# Assignment
Output the records exactly, and drop each picture.

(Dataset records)
↓

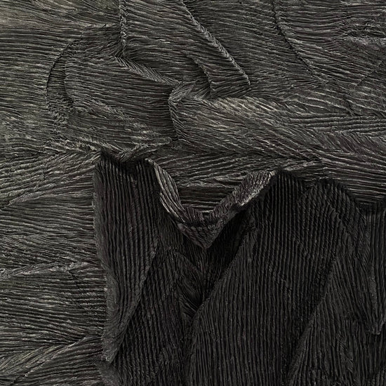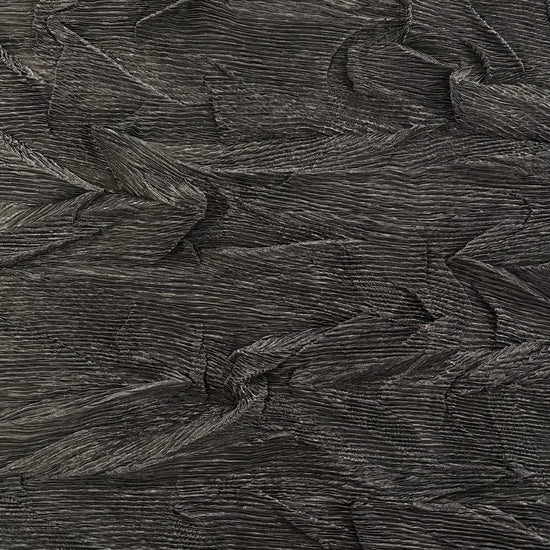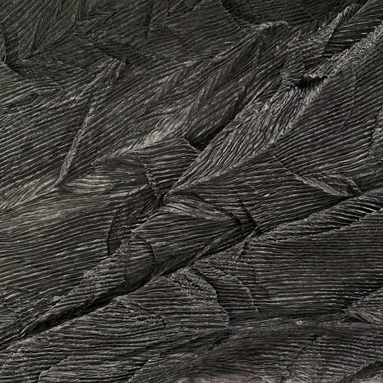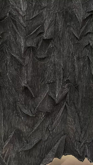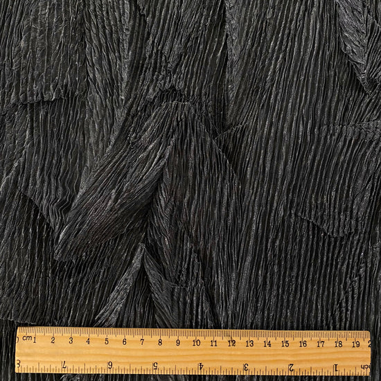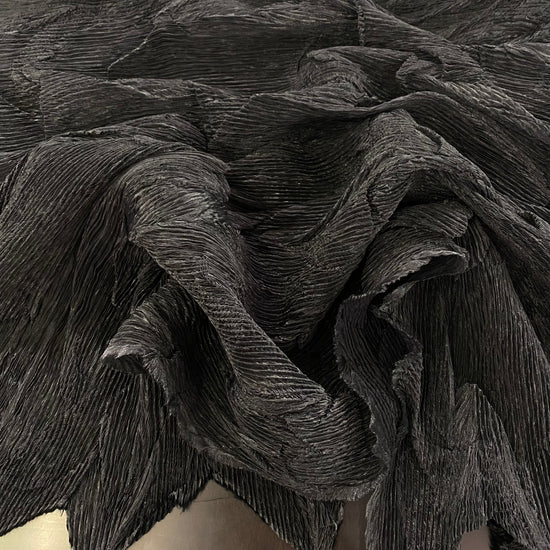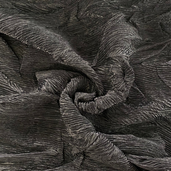 A polyester organza with a shimmery metallic lustre that is pleated into a tight corrugated arrangement parallel to the weft direction, with diamond shaped pleats throughout the fabric creating jagged 3D spikes. Bouncy drape with slight structure. The organza is woven with steel blue and dark grey yarn giving a subtle shot look - making the reverse side of the fabric a darker shade of grey.
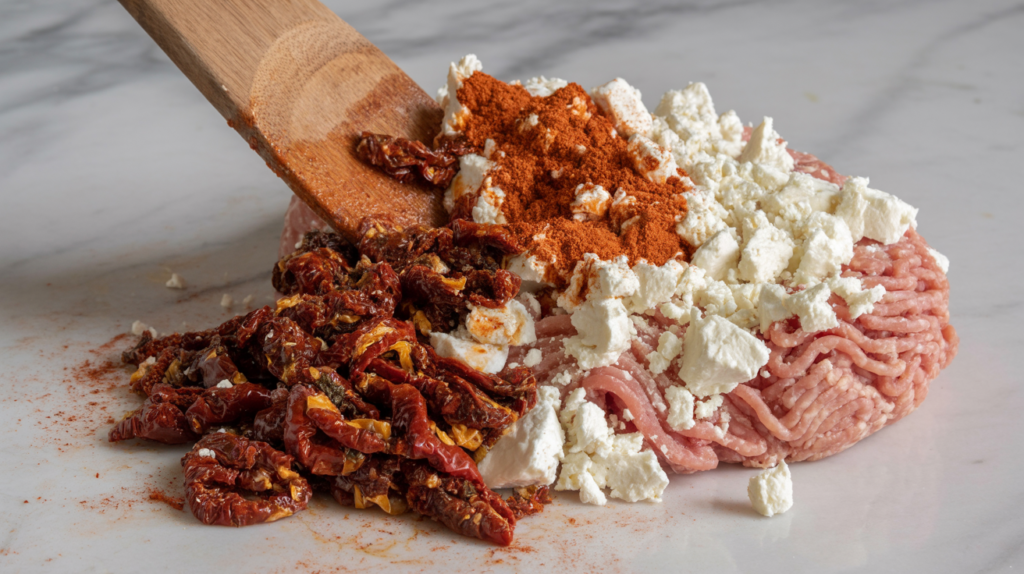 The key to internal moisture is the mix-ins: finely chopped fresh spinach (which wilts and releases moisture) and crumbled feta cheese. The feta melts slightly, essentially self-basting the burger while adding a critical salty, savory punch.
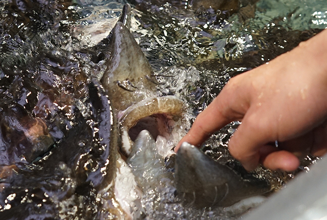 またニジマスの横には、チョウザメが指をパクパクしてくれるコーナーが。すっごく優しくパクパクしてくれました。
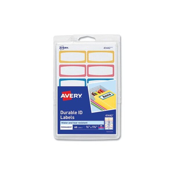 Help kids identify their belongings with the Avery durable labels. Water- and tear-resistant labels are perfect for daycare, school, camping gear, lunchbox items, bottles, sporting goods, and electronic devices. Simply write on with a permanent marker for quick and easy labelling of all your kid's items and keep them out of lost and found. White labels with assorted border colors and permanent adhesive backing. The TrueBlock technology allows you to completely cover up whatever is underneath the label. Shape: Rectangular; Label Size - text: 1.75 x 0.75; Label Colors: White; Color Family: White.
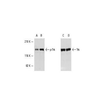 mouse monoclonal IgG1; p-Trk Antibody (E-6) is an IgG1 κ mouse monoclonal p-Trk antibody (also designated p-Trk antibody or Pan Trk antibody) that detects Trk A phosphorylated at Tyr 496 and correspondingly phosphorylated Trk B and Trk C of mouse, rat and human origin by WB, IP, IF, IHC(P) and ELISA. p-Trk Antibody (E-6) is available as the non-conjugated anti-p-Trk antibody form, as well as multiple conjugated forms of anti-p-Trk antibody, including agarose, HRP, PE, FITC and multiple Alexa Fluor® conjugates. The Trk proto-oncogene encodes a membrane-spanning protein tyrosine kinase, Trk gp140, also designated Trk A, whose expression is restricted in vivo to neurons of the sensory spinal and cranial ganglia of neural crest origin. Nerve growth factor (NGF) stimulates tyrosine phosphorylation of Trk A in neural cell lines and in embryonic dorsal root ganglia. Tyrosine phosphorylation of Trk by NGF is rapid, specific and occurs with picomolar quantities of factor, indicating that the response is mediated by physiological amounts of NGF. Unlike Trk A, tyrosine phosphorylation of Trk B is induced by the brain-derived neurotrophic factor (BDNF) and, to a lesser extent, neurotrophin-3 (NT-3). Additionally, Trk C phosphorylation is induced via interaction with endogenously produced NT-3 and is not dependent on stimulation by NGF.

↑

# Result
 A polyester organza with a shimmery metallic lustre that is pleated into a tight corrugated arrangement parallel to the weft direction, with diamond shaped pleats throughout the fabric creating jagged 3D spikes. Bouncy drape with slight structure. The organza is woven with steel blue and dark grey yarn giving a subtle shot look - making the reverse side of the fabric a darker shade of grey.
 The key to internal moisture is the mix-ins: finely chopped fresh spinach (which wilts and releases moisture) and crumbled feta cheese. The feta melts slightly, essentially self-basting the burger while adding a critical salty, savory punch.
 またニジマスの横には、チョウザメが指をパクパクしてくれるコーナーが。すっごく優しくパクパクしてくれました。
 Help kids identify their belongings with the Avery durable labels. Water- and tear-resistant labels are perfect for daycare, school, camping gear, lunchbox items, bottles, sporting goods, and electronic devices. Simply write on with a permanent marker for quick and easy labelling of all your kid's items and keep them out of lost and found. White labels with assorted border colors and permanent adhesive backing. The TrueBlock technology allows you to completely cover up whatever is underneath the label. Shape: Rectangular; Label Size - text: 1.75 x 0.75; Label Colors: White; Color Family: White.
 mouse monoclonal IgG1; p-Trk Antibody (E-6) is an IgG1 κ mouse monoclonal p-Trk antibody (also designated p-Trk antibody or Pan Trk antibody) that detects Trk A phosphorylated at Tyr 496 and correspondingly phosphorylated Trk B and Trk C of mouse, rat and human origin by WB, IP, IF, IHC(P) and ELISA. p-Trk Antibody (E-6) is available as the non-conjugated anti-p-Trk antibody form, as well as multiple conjugated forms of anti-p-Trk antibody, including agarose, HRP, PE, FITC and multiple Alexa Fluor® conjugates. The Trk proto-oncogene encodes a membrane-spanning protein tyrosine kinase, Trk gp140, also designated Trk A, whose expression is restricted in vivo to neurons of the sensory spinal and cranial ganglia of neural crest origin. Nerve growth factor (NGF) stimulates tyrosine phosphorylation of Trk A in neural cell lines and in embryonic dorsal root ganglia. Tyrosine phosphorylation of Trk by NGF is rapid, specific and occurs with picomolar quantities of factor, indicating that the response is mediated by physiological amounts of NGF. Unlike Trk A, tyrosine phosphorylation of Trk B is induced by the brain-derived neurotrophic factor (BDNF) and, to a lesser extent, neurotrophin-3 (NT-3). Additionally, Trk C phosphorylation is induced via interaction with endogenously produced NT-3 and is not dependent on stimulation by NGF.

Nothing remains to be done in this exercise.